Everything below from the line with "Elegant 2-piece cherry" through the line with "나도 주복 당첨 가보자앗... 모모뮤" should be copied exactly, and nothing else; leave out the pictures.

DATA IN THIS EXERCISE »

----

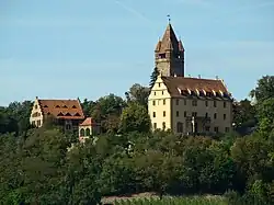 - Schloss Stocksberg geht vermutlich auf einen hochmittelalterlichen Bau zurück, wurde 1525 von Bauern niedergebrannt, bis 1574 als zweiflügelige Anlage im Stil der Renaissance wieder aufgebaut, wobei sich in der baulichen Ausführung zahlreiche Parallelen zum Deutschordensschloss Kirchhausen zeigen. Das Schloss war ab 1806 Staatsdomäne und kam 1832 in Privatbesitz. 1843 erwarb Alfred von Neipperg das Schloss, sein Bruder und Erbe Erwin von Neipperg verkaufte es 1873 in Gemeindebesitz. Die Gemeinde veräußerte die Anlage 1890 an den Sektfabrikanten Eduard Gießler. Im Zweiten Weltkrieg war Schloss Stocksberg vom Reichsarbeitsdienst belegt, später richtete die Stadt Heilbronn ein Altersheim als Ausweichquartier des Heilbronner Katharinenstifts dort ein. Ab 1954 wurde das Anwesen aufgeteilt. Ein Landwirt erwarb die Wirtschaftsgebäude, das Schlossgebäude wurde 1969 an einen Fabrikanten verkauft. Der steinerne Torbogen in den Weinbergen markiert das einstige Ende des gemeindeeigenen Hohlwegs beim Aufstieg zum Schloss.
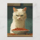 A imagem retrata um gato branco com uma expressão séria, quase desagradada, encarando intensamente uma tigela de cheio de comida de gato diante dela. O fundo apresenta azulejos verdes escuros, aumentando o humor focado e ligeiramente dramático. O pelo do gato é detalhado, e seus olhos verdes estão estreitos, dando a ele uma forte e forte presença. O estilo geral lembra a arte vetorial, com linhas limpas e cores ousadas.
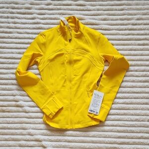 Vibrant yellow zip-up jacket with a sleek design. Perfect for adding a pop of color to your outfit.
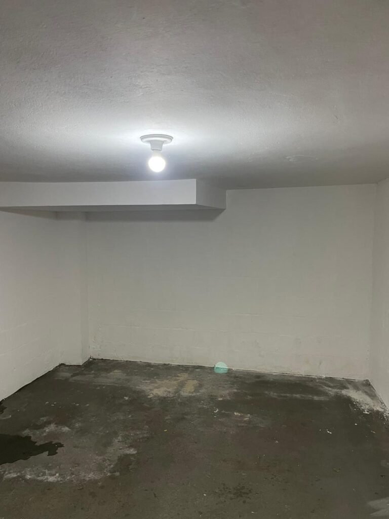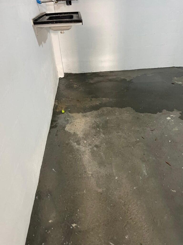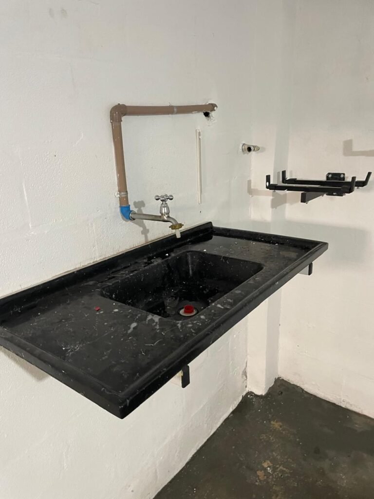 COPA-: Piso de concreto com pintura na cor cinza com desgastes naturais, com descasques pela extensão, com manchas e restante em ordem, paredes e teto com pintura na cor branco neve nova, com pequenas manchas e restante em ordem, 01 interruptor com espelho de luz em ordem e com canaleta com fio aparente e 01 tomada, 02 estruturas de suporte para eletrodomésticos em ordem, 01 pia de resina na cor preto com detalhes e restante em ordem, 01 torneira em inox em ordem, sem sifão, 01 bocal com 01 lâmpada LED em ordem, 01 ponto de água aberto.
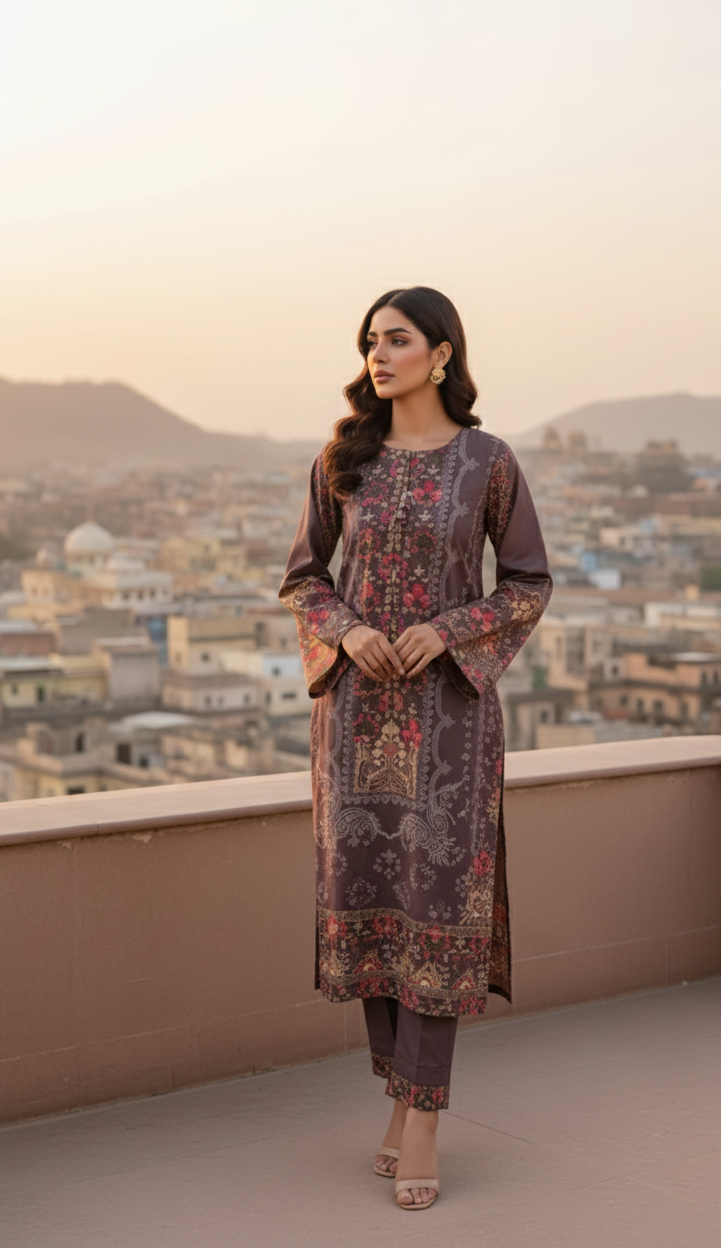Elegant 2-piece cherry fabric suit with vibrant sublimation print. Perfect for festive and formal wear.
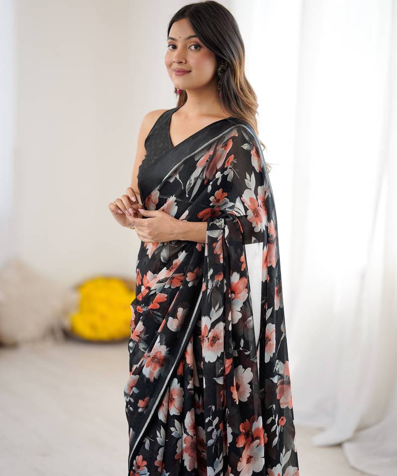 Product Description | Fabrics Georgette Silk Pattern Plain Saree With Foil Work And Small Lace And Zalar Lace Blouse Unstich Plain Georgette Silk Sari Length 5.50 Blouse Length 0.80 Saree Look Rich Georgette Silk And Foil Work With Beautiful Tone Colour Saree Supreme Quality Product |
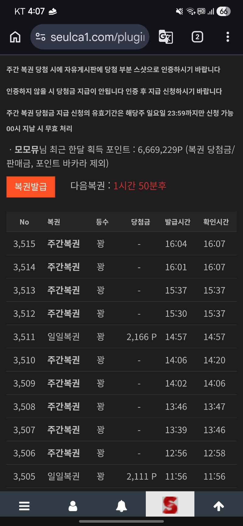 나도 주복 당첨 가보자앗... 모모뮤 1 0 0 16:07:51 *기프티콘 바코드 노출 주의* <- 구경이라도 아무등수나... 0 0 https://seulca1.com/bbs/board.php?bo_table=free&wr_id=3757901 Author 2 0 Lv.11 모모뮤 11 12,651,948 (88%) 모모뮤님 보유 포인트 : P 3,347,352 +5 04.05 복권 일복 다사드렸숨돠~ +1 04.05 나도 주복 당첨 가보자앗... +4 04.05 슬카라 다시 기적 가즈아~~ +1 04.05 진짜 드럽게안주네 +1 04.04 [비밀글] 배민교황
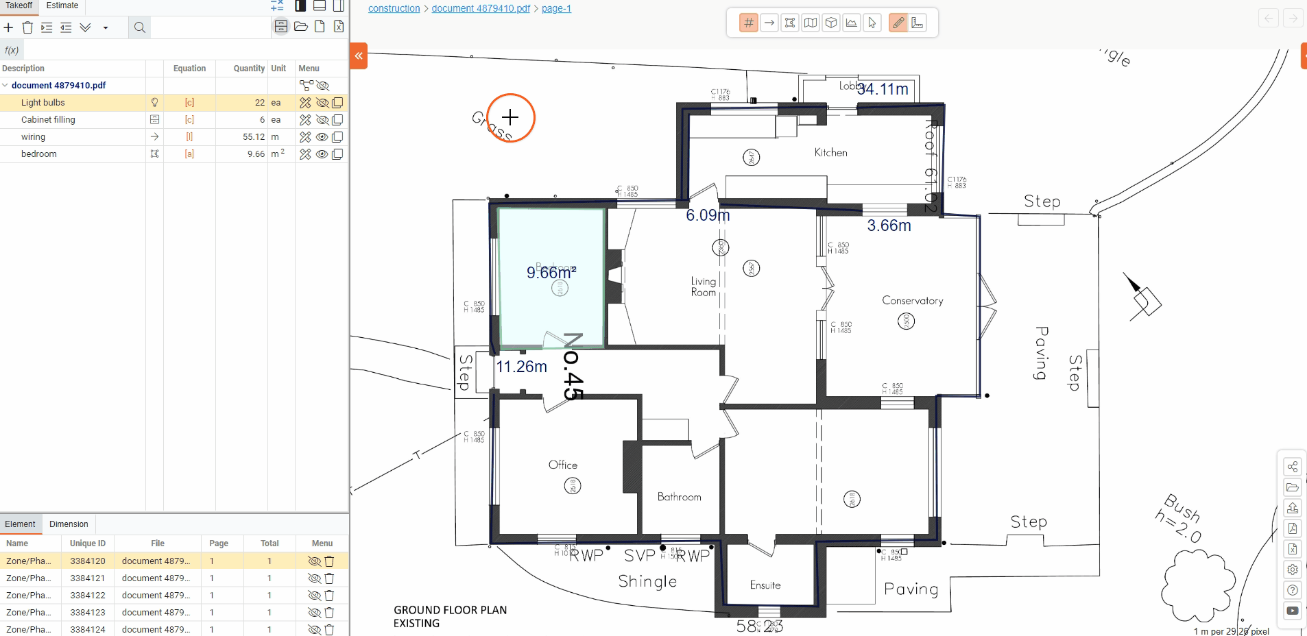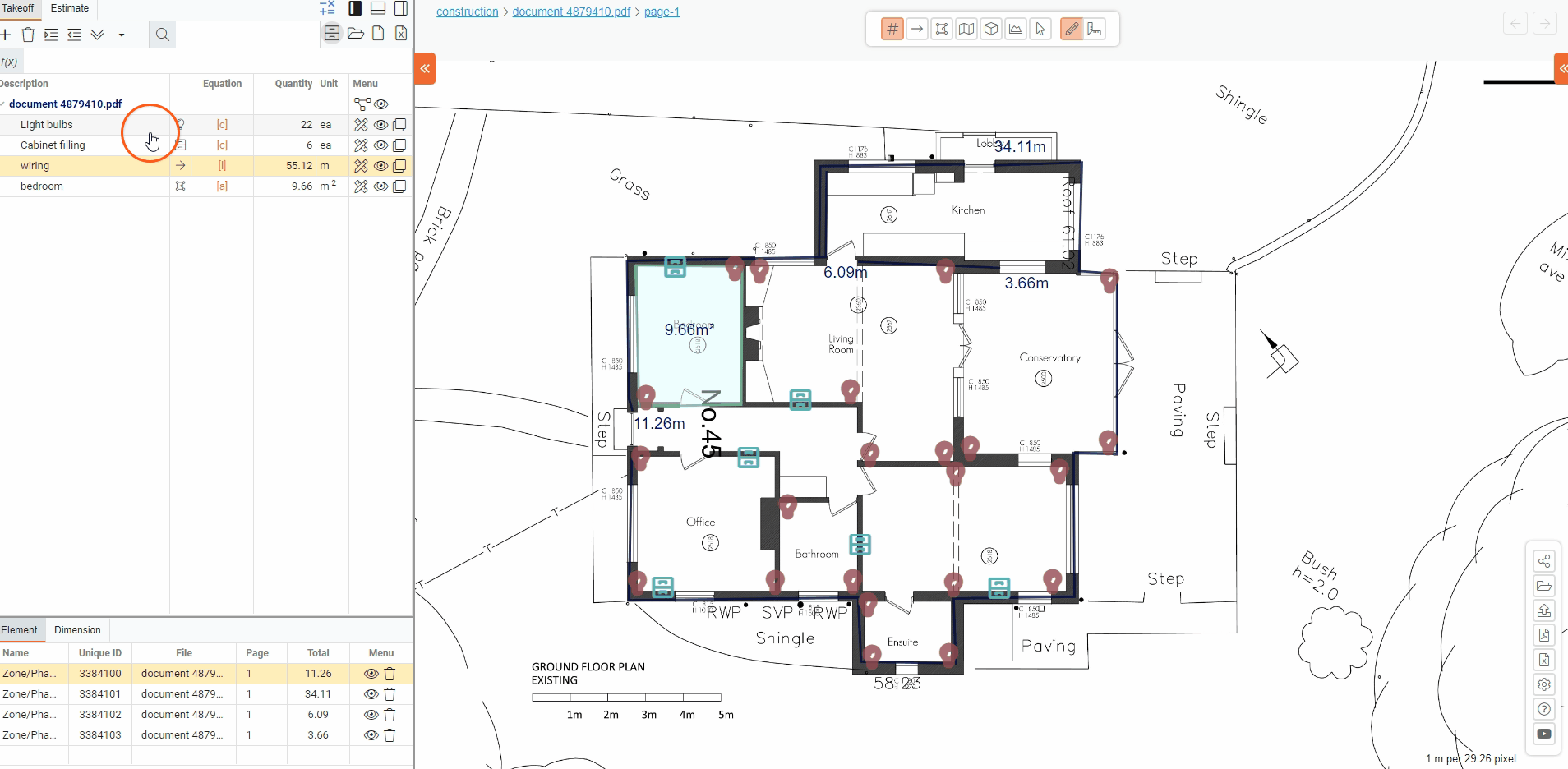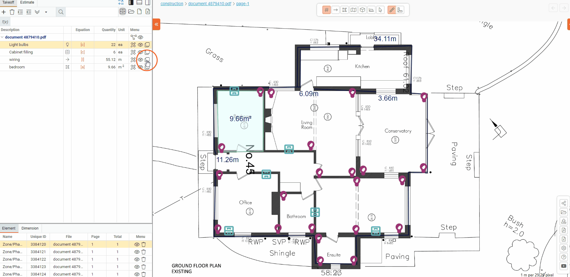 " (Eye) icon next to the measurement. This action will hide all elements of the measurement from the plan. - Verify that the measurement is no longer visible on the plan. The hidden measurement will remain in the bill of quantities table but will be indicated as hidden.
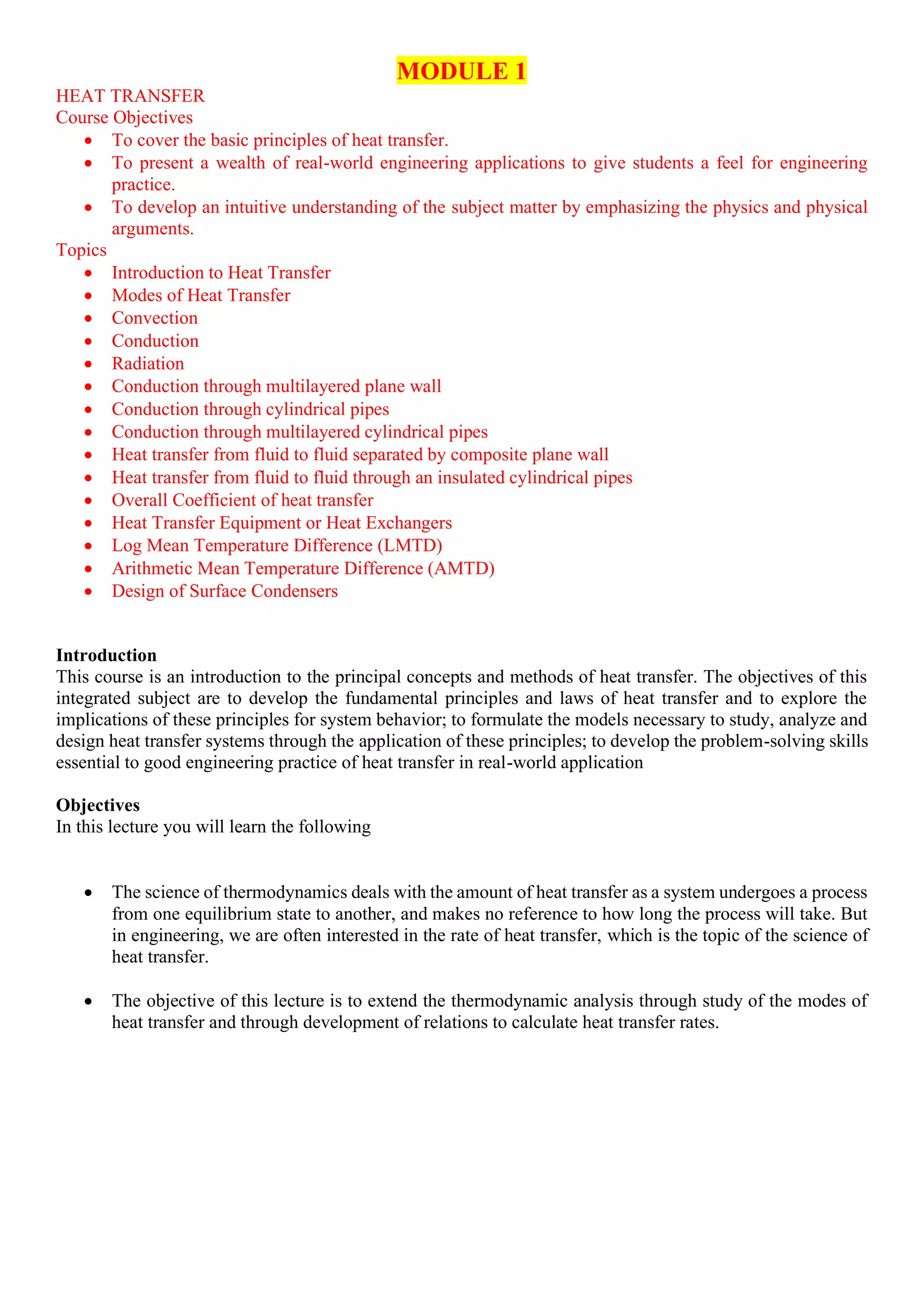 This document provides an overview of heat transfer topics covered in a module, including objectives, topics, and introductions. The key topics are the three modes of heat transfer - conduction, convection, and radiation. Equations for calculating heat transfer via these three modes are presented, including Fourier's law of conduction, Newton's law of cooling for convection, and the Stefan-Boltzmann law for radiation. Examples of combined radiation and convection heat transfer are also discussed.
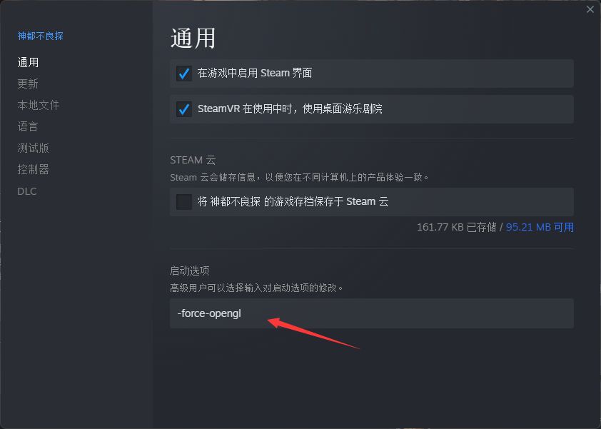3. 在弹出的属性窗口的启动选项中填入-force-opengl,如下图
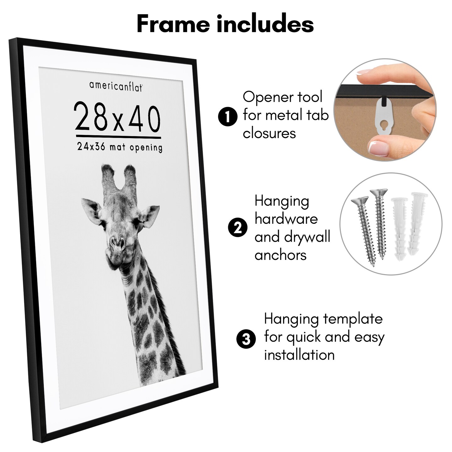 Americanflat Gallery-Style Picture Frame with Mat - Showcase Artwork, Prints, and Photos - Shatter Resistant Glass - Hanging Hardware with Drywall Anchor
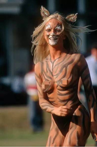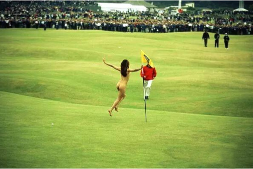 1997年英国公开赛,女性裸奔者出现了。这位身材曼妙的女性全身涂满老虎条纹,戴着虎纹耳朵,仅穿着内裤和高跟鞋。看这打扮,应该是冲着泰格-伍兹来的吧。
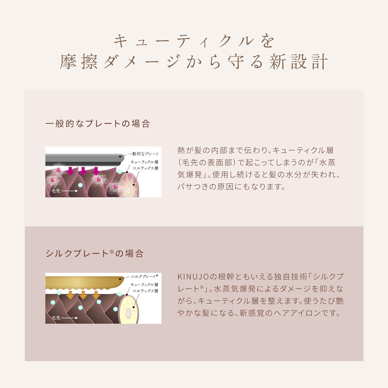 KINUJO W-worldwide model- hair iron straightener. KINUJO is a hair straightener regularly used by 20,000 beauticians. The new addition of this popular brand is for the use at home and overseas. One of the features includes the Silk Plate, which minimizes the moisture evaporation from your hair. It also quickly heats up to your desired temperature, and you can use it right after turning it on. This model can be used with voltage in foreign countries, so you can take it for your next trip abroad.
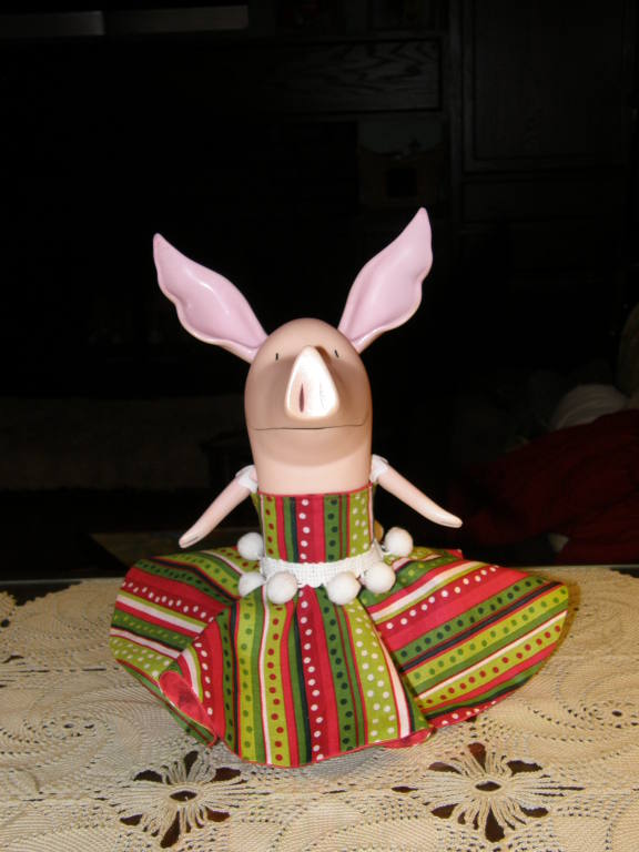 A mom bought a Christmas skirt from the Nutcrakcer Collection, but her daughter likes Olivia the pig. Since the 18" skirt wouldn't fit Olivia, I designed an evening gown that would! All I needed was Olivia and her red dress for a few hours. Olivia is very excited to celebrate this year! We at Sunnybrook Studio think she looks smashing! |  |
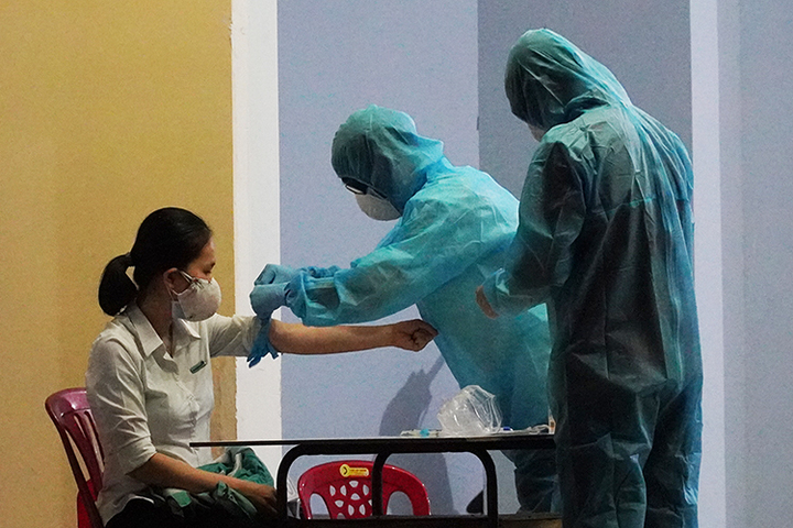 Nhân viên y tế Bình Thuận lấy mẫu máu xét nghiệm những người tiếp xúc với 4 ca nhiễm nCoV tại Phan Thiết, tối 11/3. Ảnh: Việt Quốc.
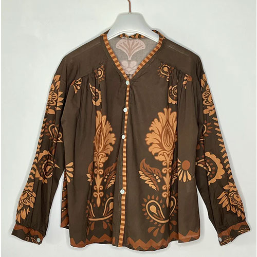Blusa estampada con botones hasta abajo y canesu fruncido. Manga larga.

----

WRITTEN RESPONSE »
Elegant 2-piece cherry fabric suit with vibrant sublimation print. Perfect for festive and formal wear.
 Product Description | Fabrics Georgette Silk Pattern Plain Saree With Foil Work And Small Lace And Zalar Lace Blouse Unstich Plain Georgette Silk Sari Length 5.50 Blouse Length 0.80 Saree Look Rich Georgette Silk And Foil Work With Beautiful Tone Colour Saree Supreme Quality Product |
 나도 주복 당첨 가보자앗... 모모뮤 1 0 0 16:07:51 *기프티콘 바코드 노출 주의* <- 구경이라도 아무등수나... 0 0 https://seulca1.com/bbs/board.php?bo_table=free&wr_id=3757901 Author 2 0 Lv.11 모모뮤 11 12,651,948 (88%) 모모뮤님 보유 포인트 : P 3,347,352 +5 04.05 복권 일복 다사드렸숨돠~ +1 04.05 나도 주복 당첨 가보자앗... +4 04.05 슬카라 다시 기적 가즈아~~ +1 04.05 진짜 드럽게안주네 +1 04.04 [비밀글] 배민교황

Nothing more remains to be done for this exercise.